1⃣情報処理レベル別のコミュニケーション障害の種類
下記の表は、情報処理の各レベルにおいて、どのようなコミュニケーション障害が生じるかを示しています。
①【感覚レベル】
◉障害領域:聴覚
・主な障害名:加齢性難聴
→耳の聞こえが低下する
◉障害領域:視覚
・主な障害名:白内障・緑内障
→聴力が低下する、視野が狭まる
②【認知レベル】
◉障害領域:視覚的認識
・主な障害名:半側空間無視
→左右どちらかの空間にある物に気付かない
③【言語理解レベル】
◉障害領域:内言語
・主な障害名:失語症、認知症
→聞いた言葉が理解できない、書いてある文字が理解できない
④【概念形成レベル】
◉障害領域:概念形成
・主な障害名:認知症、知的機能低下
→考えをまとめられない、理解できない
⑤【言語表出レベル】
◉障害領域:内言語
・主な障害名:失語症、認知症
→考えたことを的確な言葉に置き換えらえない・文字で書けない
⑤【言語表出レベル】
◉障害領域:内言語
・主な障害名:失語症、認知症
→考えたことを的確な言葉に置き換えらえない・文字で書けない
⑥【構音レベル】
◉障害領域:発声・構音
・主な障害名:構音障害
→声が出せない・小さい、呂律が回らない
「感覚レベル」では、加齢性難聴や白内障などによって、聞くこと、見ることに障害が起こります。

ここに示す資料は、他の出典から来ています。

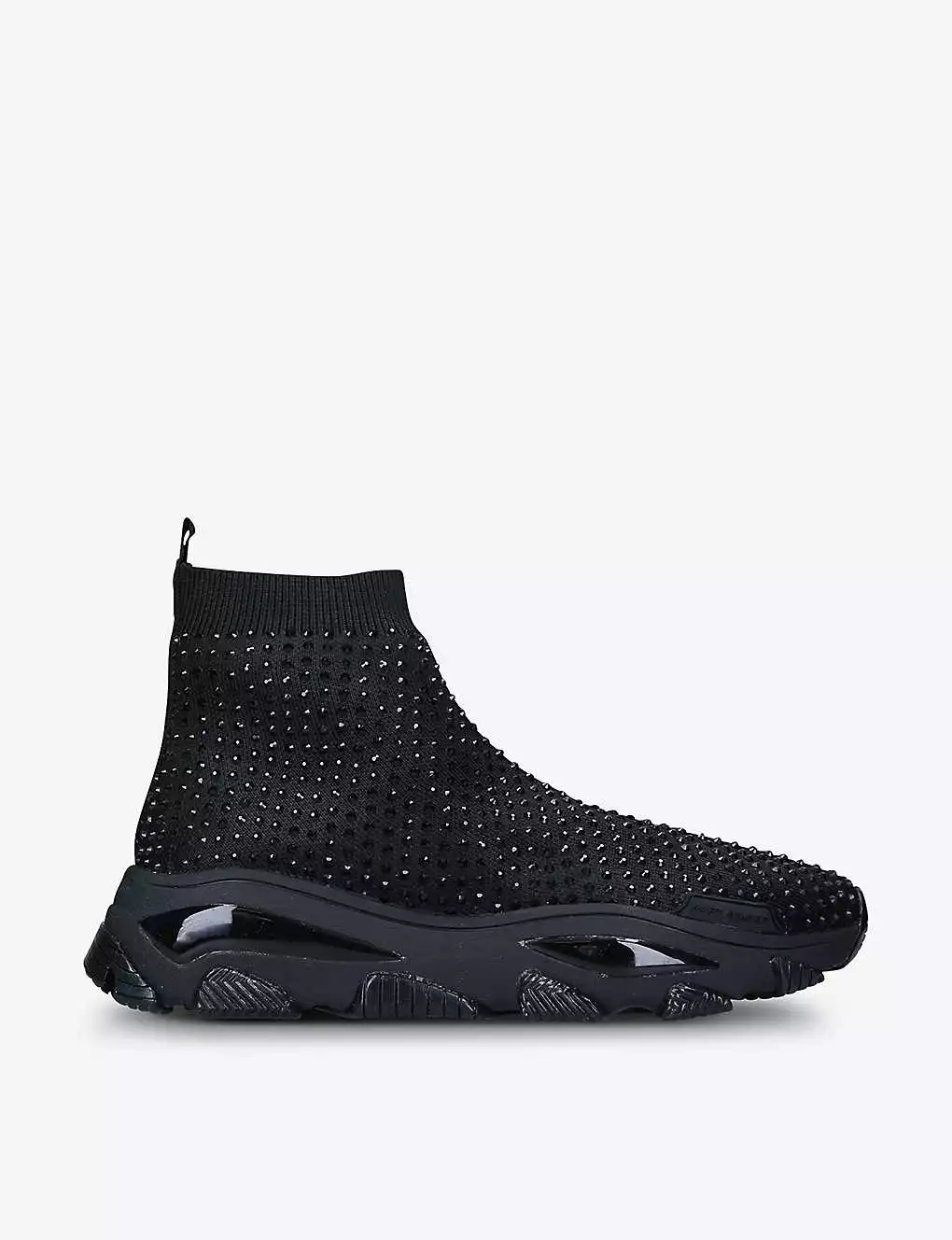 KURT GEIGER LONDON Lettie Crystal-embellished Knitted High-top Sock Trainers Blk/other
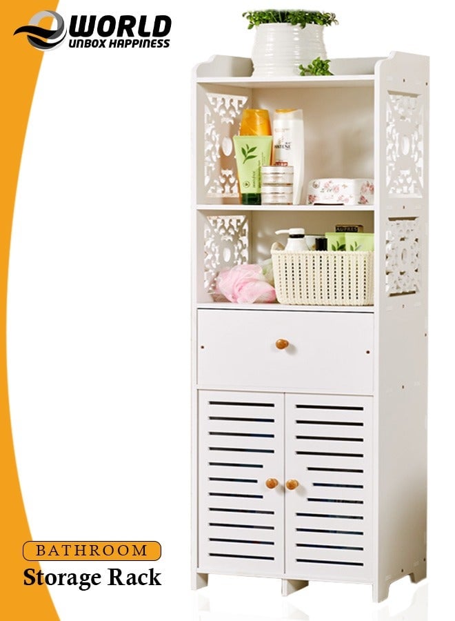EworldEworld Waterproof White PVC Floor Cabinet Organizer, Stylish Storage Solution Featuring Shelves, Drawer, Tissue Holder, and Door for Bathroom, Kitchen, Living Room, or Bedroom Accessories, Available in 2 SizesDhs. 299.00
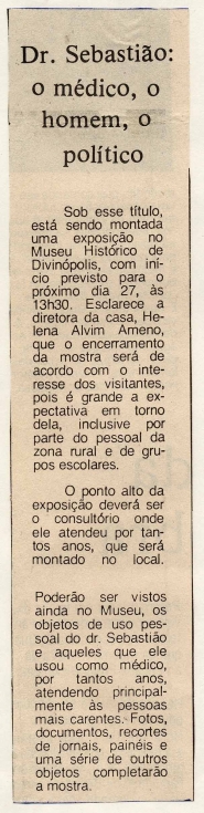 RECORTES DE JORNAL SOBRE A EXPOSIÇÃO: "DR. SEBASTIÃO GOMES GUIMARÃES - O HOMEM, O MÉDICO, O POLÍTICO" REALIZADA NO MUSEU HISTÓRICO DE DIVINÓPOLIS DE 27/09 A 05/12/1989 - MUSEU
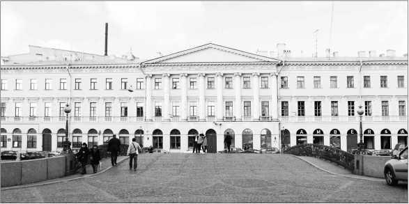 Мойка, миновав Придворные конюшни, огибает плавной излучиной два больших квартала, расположенных с западной стороны Большой Конюшенной улицы. В допетровские времена эта была глухая мутная протока, вытекавшая из болота на месте Марсова поля. Речка носила ижорско-финское название Муя (грязная). Русский вариант – Мья – в XVIII веке постепенно трансформировался в Мойку.
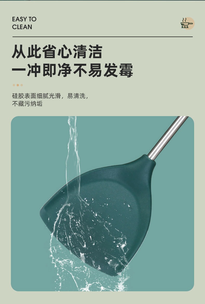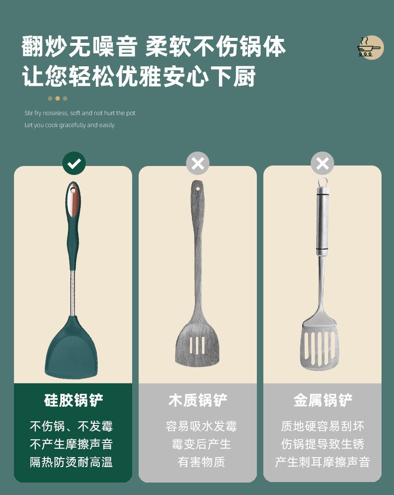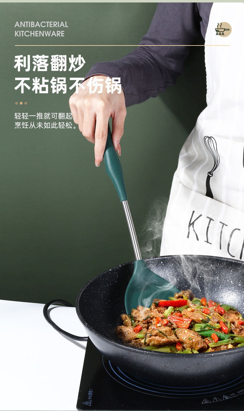 식품 등급 실리콘 주걱 304 스테인레스 스틸 실리콘 볶음 주걱 고온 내성 비 스틱 조리기구 주걱 스푼 세트
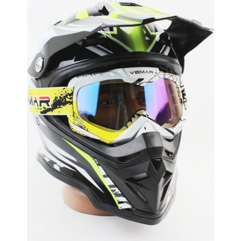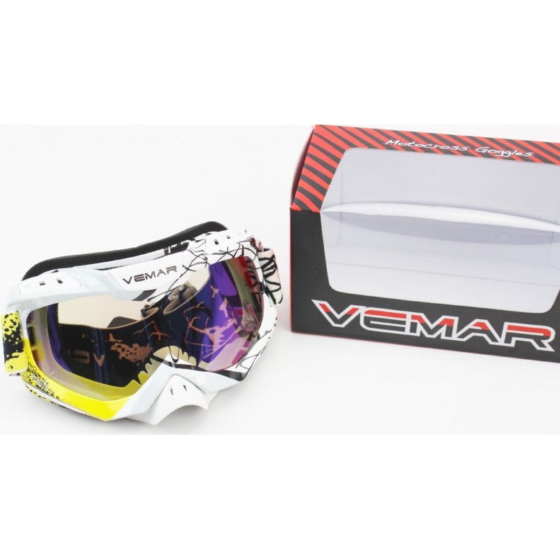 Очки кроссовые/эндуро/АТV, бело-чёрно-жёлтые (хамелеон стекло), VM-1016C VEMAR

「認知レベル」では、半側空間無視などで自分の周りの空間を認識できないことがあります。
「言語理解レベル」では、失語症や認知症などにより、相手の言ったことや書いてある文字の理解に支障が生じます。
「概念形成レベル」では、認知症などにより、自分の考えがまとまらない事もあります。
「言語表出レベル」では、失語症や認知症などにより、言いたいことをうまく言葉に置き換えられない、文字が思い浮かばないことが起こります。
「構音レベル」では、構音障害などにより、声が小さくなったり呂律が回らなかったりします。
これらの障害は単独で起こることもありますが、重複して起こることも多いものです。
このように、コミュニケーション障害が、どの情報処理レベルの、どのような原因によって起こっているのかに着目し、それに対応した支援を行うことが重要です。